# stevens model 200 (accutrigger job?)



## savageshooter92 (Jul 6, 2009)

i recently got a stevens model 200 chambered in .223 and mounted a cheap tasco varmit scope that i picked up for $80 from opticsplanet.com (the scope has been very dependable and far surpassed my expectations for how cheap it is) i have shot a couple hundred rounds through it now and i am very impressed! this gun can drive nails at 200 yards. i shoot 3.45 in groups at 350 yards with it.

anyways,
my question is can i buy an accutrigger for a savage 110 and drop it in my stevens?
:sniper:


----------



## ac700wildcat (Oct 30, 2006)

Nope, the accutrigger won't work on a Stevens 200 or any pre-accutrigger Savages. Your best bet is to have a gunsmith install an aftermarket trigger or do a trigger job on the original.


----------



## SDHandgunner (Jun 22, 2004)

From my understanding Rifle Basix and Sharp Shooters Supply both make replacement triggers for the Stevens Model 200 (as well as the pre accutrigger Savages) that will result is a great trigger.
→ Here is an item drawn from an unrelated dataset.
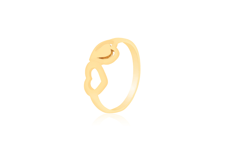 ANEL BANHADO EM OURO, CORAÇÃO 11,50mm LARGURA COM FORRO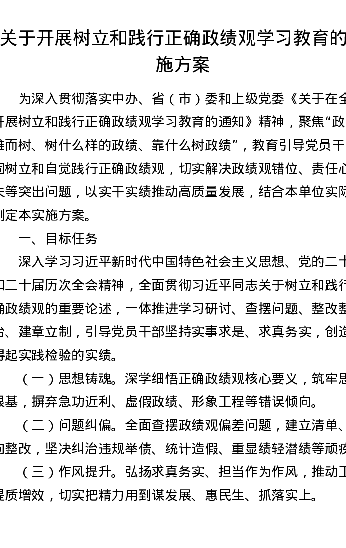 关于开展树立和践行正确政绩观学习教育的实施方案

On the Stevens Model 200 .223 I had I found instructions on the net and did my own trigger job. It was quite easy to do and the result was a nice and crisp 2 1/2 pound trigger.

Larry


----------



## savageshooter92 (Jul 6, 2009)

SDHandgunner said:


> From my understanding Rifle Basix and Sharp Shooters Supply both make replacement triggers for the Stevens Model 200 (as well as the pre accutrigger Savages) that will result is a great trigger.
> 
> On the Stevens Model 200 .223 I had I found instructions on the net and did my own trigger job. It was quite easy to do and the result was a nice and crisp 2 1/2 pound trigger.
> 
> Larry


thanks im checking it out right now.


----------



## Ron Gilmore (Jan 7, 2003)

Not sure where you are located, but Kurt at the Outdoorsman does great work on these guns. He did mine as well as a number of friends and it was very expensive.

Trigger on mine is 3lbs no creep and crisp!


----------